(5)サイバーセキュリティへの対応

サイバーセキュリティ管理については、サイバーインシデント(注20)発生時の被害・影響の大きさに鑑み、システム障害等とは別に特化した対策を講じている。

規程化という点では、2016年6月に当社の「システムリスク管理規則」を改定し、サイバー攻撃に関わる態勢を明確化するとともに、三井住友銀行においても「情報管理規程」の改定、「サイバー攻撃対策規則」の新規制定を行った。

実務的には、さらに早い段階から対応を進めていた。2013年9月に、セキュリティに関する専門性強化・最新技術活用を目的に、日本総合研究所にJRIセキュリティ専任チームを設置。2013年10月には、当社IT企画部を事務局として日本シーサート協議会(注21)に参加し、SMFG-CSIRT(注22)を中心にグループ会社間での情報共有を行うなどセキュリティ強化を図った。

また2016年に、セキュリティ監視・分析とその対処を行う専門組織であるSOC(Security Operation Center)を立ち上げ、三井住友銀行におけるサイバー攻撃等の平日日中監視を開始した。その後、欧米SOCの立ち上げ(2018年5月)、24時間365日監視の開始(2019年1月)、グループ会社向けセキュリティ監視の開始(2020年4月)など、監視の対象時間・範囲を拡大していった。

こうしたSOCによる監視のほか、ネットワーク通信解析による不正検知システムの導入、ペネトレーションテスト(注23)の実施など様々な対策を講じたほか、2017年度および2019年度には、FFIEC(米連邦金融機関検査協議会)のCAT(Cybersecurity Assessment Tool)による第三者評価を実施した。
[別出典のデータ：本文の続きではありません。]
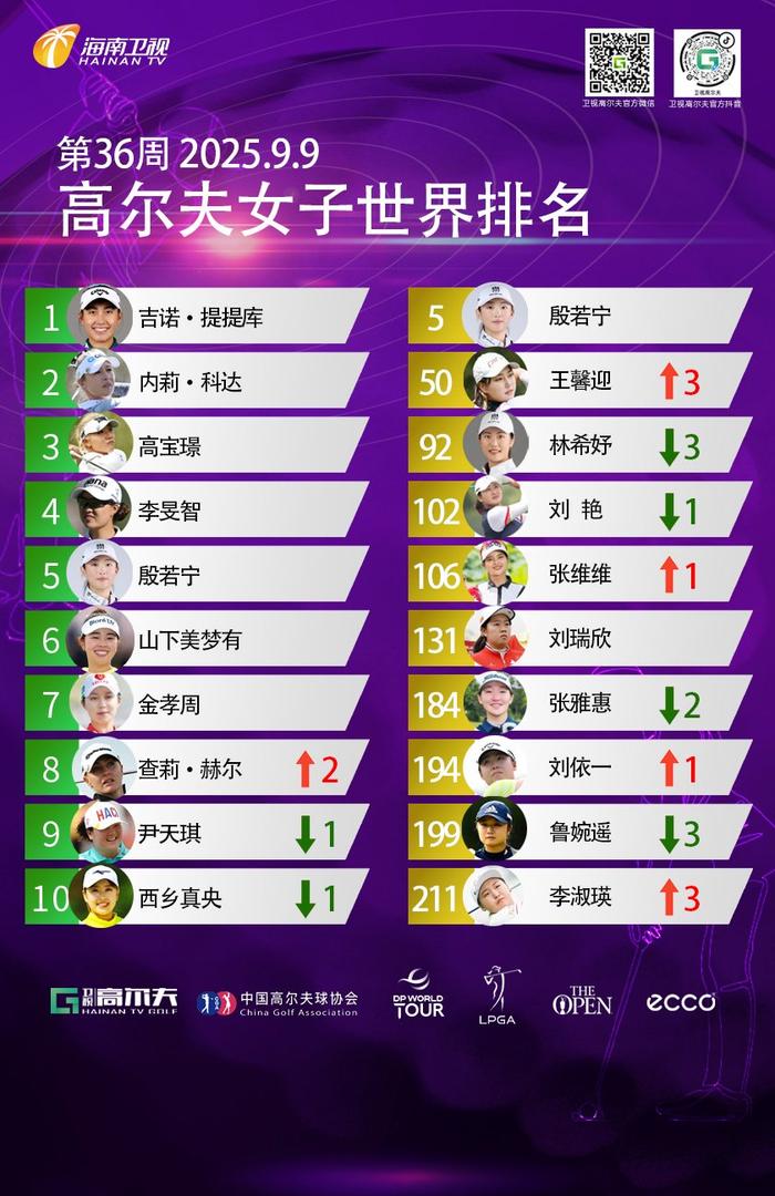 本周世界女子排名,前七位没有发生变化,吉诺·提提库继续保持世界第一,高宝璟排在第三,李旻智第四,殷若宁排在第五,王馨迎提升3位,本周排在第50位。林希妤名次再下滑3位,本周排在第92位。

CAT評価は、金融機関のサイバーセキュリティに関わるリスクと対策の成熟度のレベルを評価する仕組みで、主要グループ会社に対してCAT評価を実施したほか、それ以外のグループ会社約160社に対してもCAT評価を参考にした簡易評価を行い、評価結果に基づくフォローアップを通じて対策を強化していった。

サイバー攻撃については、従業員の不用意な行動がサイバーインシデントにつながる可能性があることから、従業員教育も重要である。三井住友銀行では2011年度に標的型メール攻撃に関するDVDを作成して啓発に努めてきたが、2015年度頃からは標的型メール対応や広報対応等の訓練を定期的に実施。順次、グループ各社や海外にも拡大することで、対応力を強化している。また、2016年9月に『サイバーセキュリティ対策ハンドブック』を作成してグループ各社に配布したほか、各種勉強会の実施、事例集の作成・周知、教育コンテンツ『マンガでわかるサイバーセキュリティ』の掲示など、継続的に教育・啓発を行っている。